Joe and Jill Biden with Yoon Suk Yeol at a memorial site for Korean War veterans. Susan Walsh/AP
Yoon's state visit to the United States
Analysis: Attempts to rein in North Korea have failed
South Korean
President Yoon Suk Yeol is visiting the White House and Joe Biden today. During the visit, the US president is expected to renew his promise that US nuclear weapons will be deployed if North Korea were to carry out a nuclear attack.
The focus on deterrence can be seen as a remarkable admission that three decades of efforts to rein in Pyongyang's nuclear weapons program have failed, write the New York Times' David E Sanger and Choe Sang-Hun.
Yoon's visit is only the second state visit since Biden took office, and it may seem surprising that the newcomer is getting the honor. That's what Sung-Yoon Lee, professor of Korean studies at Tufts University in the USA, writes in The Conversation.
The explanation can be summed up in three words: Pyongyang, Beijing and Moscow.
The real purpose is to send a message of unity in the shadow of war and gunfire, he writes.
Marjorie Taylor Greene, Tucker Carlson and Donald Trump. Seth Wenig/AP
The lawsuits against Fox News
Cheers at the Pentagon after Tucker Carlson's Fox sortie
The news that Fox is getting rid of conservative profile Tucker Carlson has caused glee all the way up in the top echelons of the Pentagon, according to Politico's data.
- Thank God, says a source within the Ministry of Defence.

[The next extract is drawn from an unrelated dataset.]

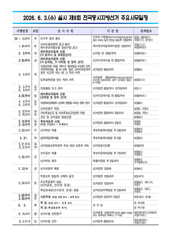 | 2026년 6월 3일 실시 예정인 제9회 전국동시지방선거를 앞두고 선거일 전 180일인 12월 5일부터 지방자치단체장 및 정당·후보자가 설립·운영하는 단체의 활동이 제한된다.

Another says the US is a "better country" when Carlson can no longer attack the military in front of hundreds of thousands of viewers every night.
Carlson himself comments on the information about open joy in the defense with a short text message:
"Have! I can imagine".
Politico writes that the tensions between the television profile and the Pentagon are nothing new. Carlson has repeatedly attracted attention by mocking the military leadership during Joe Biden's time in power.